**Work instruction**
A verbatim transcription of the listing below is required, without its pictures.

**The data**
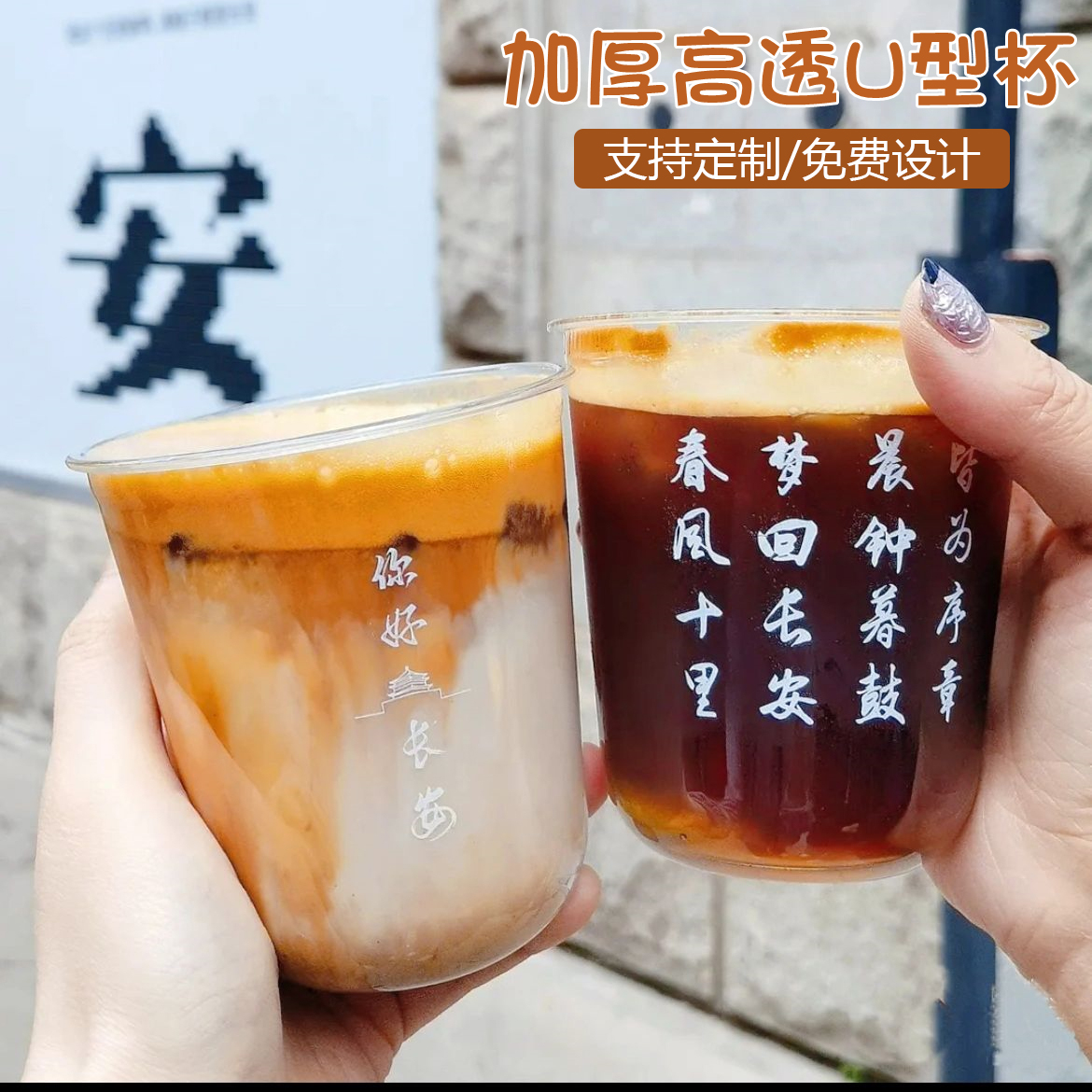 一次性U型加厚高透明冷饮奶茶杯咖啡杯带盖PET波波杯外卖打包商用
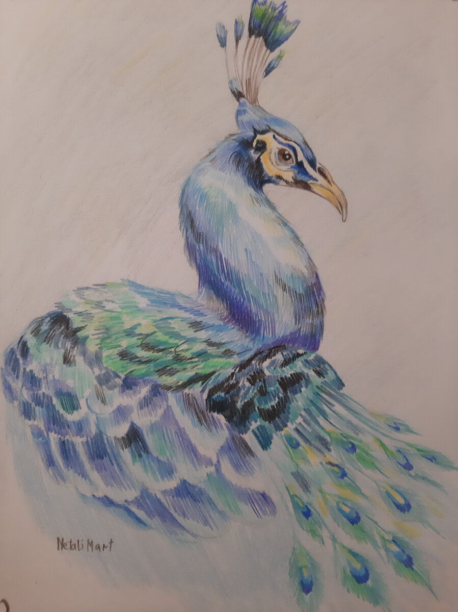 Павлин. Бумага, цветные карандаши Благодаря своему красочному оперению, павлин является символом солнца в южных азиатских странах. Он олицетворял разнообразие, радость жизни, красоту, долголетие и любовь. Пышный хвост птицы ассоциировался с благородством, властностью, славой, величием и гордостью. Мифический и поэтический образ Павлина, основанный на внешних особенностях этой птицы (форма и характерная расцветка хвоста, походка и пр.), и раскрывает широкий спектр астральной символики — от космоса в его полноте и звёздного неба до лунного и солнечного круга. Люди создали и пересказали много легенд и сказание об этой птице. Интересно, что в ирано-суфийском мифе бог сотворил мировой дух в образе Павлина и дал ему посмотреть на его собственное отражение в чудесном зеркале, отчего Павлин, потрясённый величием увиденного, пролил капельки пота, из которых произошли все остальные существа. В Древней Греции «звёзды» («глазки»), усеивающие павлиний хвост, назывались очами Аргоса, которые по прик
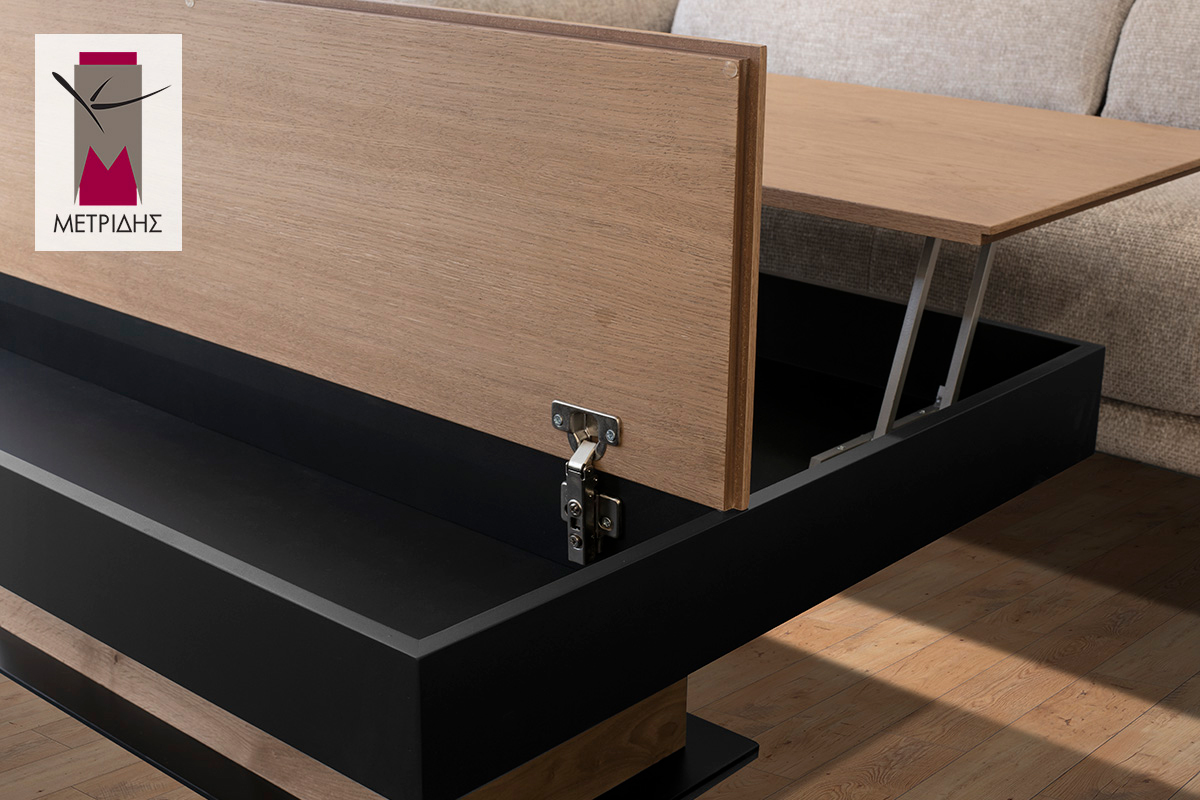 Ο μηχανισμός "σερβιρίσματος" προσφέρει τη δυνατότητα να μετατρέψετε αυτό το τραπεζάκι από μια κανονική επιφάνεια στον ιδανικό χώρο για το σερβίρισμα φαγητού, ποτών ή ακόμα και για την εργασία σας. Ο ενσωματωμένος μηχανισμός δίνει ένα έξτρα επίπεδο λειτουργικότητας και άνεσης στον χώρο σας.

**Result of the exercise**
 一次性U型加厚高透明冷饮奶茶杯咖啡杯带盖PET波波杯外卖打包商用
 Павлин. Бумага, цветные карандаши Благодаря своему красочному оперению, павлин является символом солнца в южных азиатских странах. Он олицетворял разнообразие, радость жизни, красоту, долголетие и любовь. Пышный хвост птицы ассоциировался с благородством, властностью, славой, величием и гордостью. Мифический и поэтический образ Павлина, основанный на внешних особенностях этой птицы (форма и характерная расцветка хвоста, походка и пр.), и раскрывает широкий спектр астральной символики — от космоса в его полноте и звёздного неба до лунного и солнечного круга. Люди создали и пересказали много легенд и сказание об этой птице. Интересно, что в ирано-суфийском мифе бог сотворил мировой дух в образе Павлина и дал ему посмотреть на его собственное отражение в чудесном зеркале, отчего Павлин, потрясённый величием увиденного, пролил капельки пота, из которых произошли все остальные существа. В Древней Греции «звёзды» («глазки»), усеивающие павлиний хвост, назывались очами Аргоса, которые по прик
 Ο μηχανισμός "σερβιρίσματος" προσφέρει τη δυνατότητα να μετατρέψετε αυτό το τραπεζάκι από μια κανονική επιφάνεια στον ιδανικό χώρο για το σερβίρισμα φαγητού, ποτών ή ακόμα και για την εργασία σας. Ο ενσωματωμένος μηχανισμός δίνει ένα έξτρα επίπεδο λειτουργικότητας και άνεσης στον χώρο σας.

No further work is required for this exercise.